PROBLEM:
Could you transcribe every record below exactly, leaving out the pictures?

MATERIALS PROVIDED section start

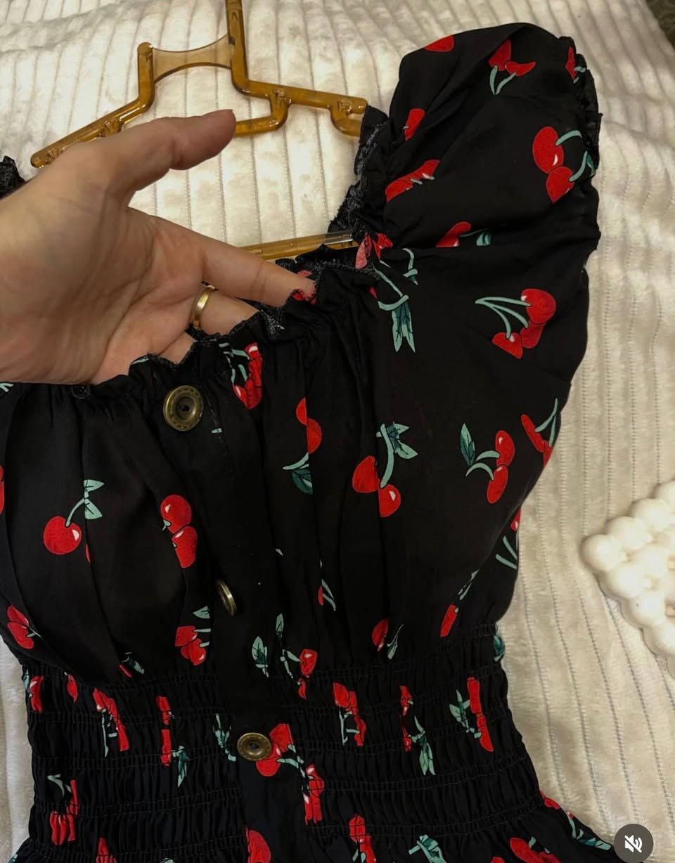 فستان كرز • قماش كشمير • فري سايز ٤٠-٨٥
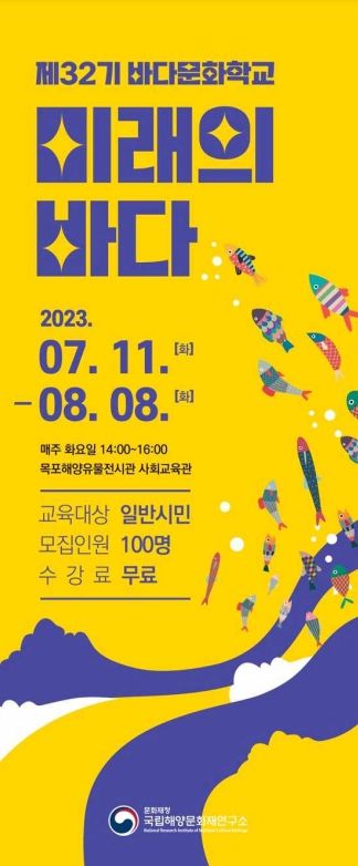 [제주교통복지신문 김강석 기자] 문화재청 국립해양문화재연구소(소장 김성배)는 7월 11일부터 8월 8일까지 매주 화요일 오후 2시 목포해양유물전시관 사회교육관에서 '제32기 바다문화학교'를 운영하기로 하고, 6월 22일부터 수강생을 모집한다.
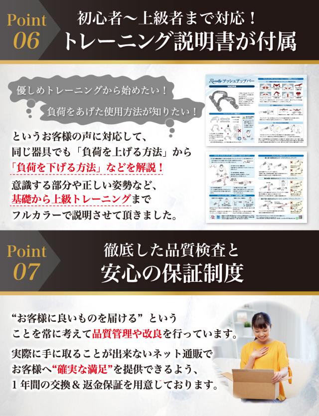 本製品では 男性 や 女性 に問わず 初心者 の お客様に1500人以上に 筋力トレーニング の指導実績を持つ【現役トレーナー】の先生からアドバイスをもらい、分かりやすい取扱説明書を添えて企画&開発しました。
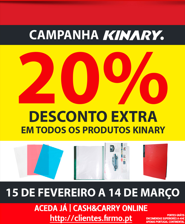 20% DESCONTO EXTRA EM TODA A GAMA KINARY | 15 DE FEVEREIRO A 14 DE MARÇO | CASH&CARRY ONLINE FIRMO
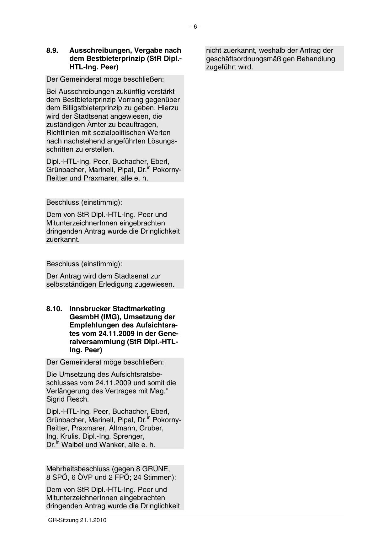 dem Bestbieterprinzip (StR Dipl.HTL-Ing. Peer)

MATERIALS PROVIDED section end

RESULT BELOW:
 فستان كرز • قماش كشمير • فري سايز ٤٠-٨٥
 [제주교통복지신문 김강석 기자] 문화재청 국립해양문화재연구소(소장 김성배)는 7월 11일부터 8월 8일까지 매주 화요일 오후 2시 목포해양유물전시관 사회교육관에서 '제32기 바다문화학교'를 운영하기로 하고, 6월 22일부터 수강생을 모집한다.
 本製品では 男性 や 女性 に問わず 初心者 の お客様に1500人以上に 筋力トレーニング の指導実績を持つ【現役トレーナー】の先生からアドバイスをもらい、分かりやすい取扱説明書を添えて企画&開発しました。
 20% DESCONTO EXTRA EM TODA A GAMA KINARY | 15 DE FEVEREIRO A 14 DE MARÇO | CASH&CARRY ONLINE FIRMO
 dem Bestbieterprinzip (StR Dipl.HTL-Ing. Peer)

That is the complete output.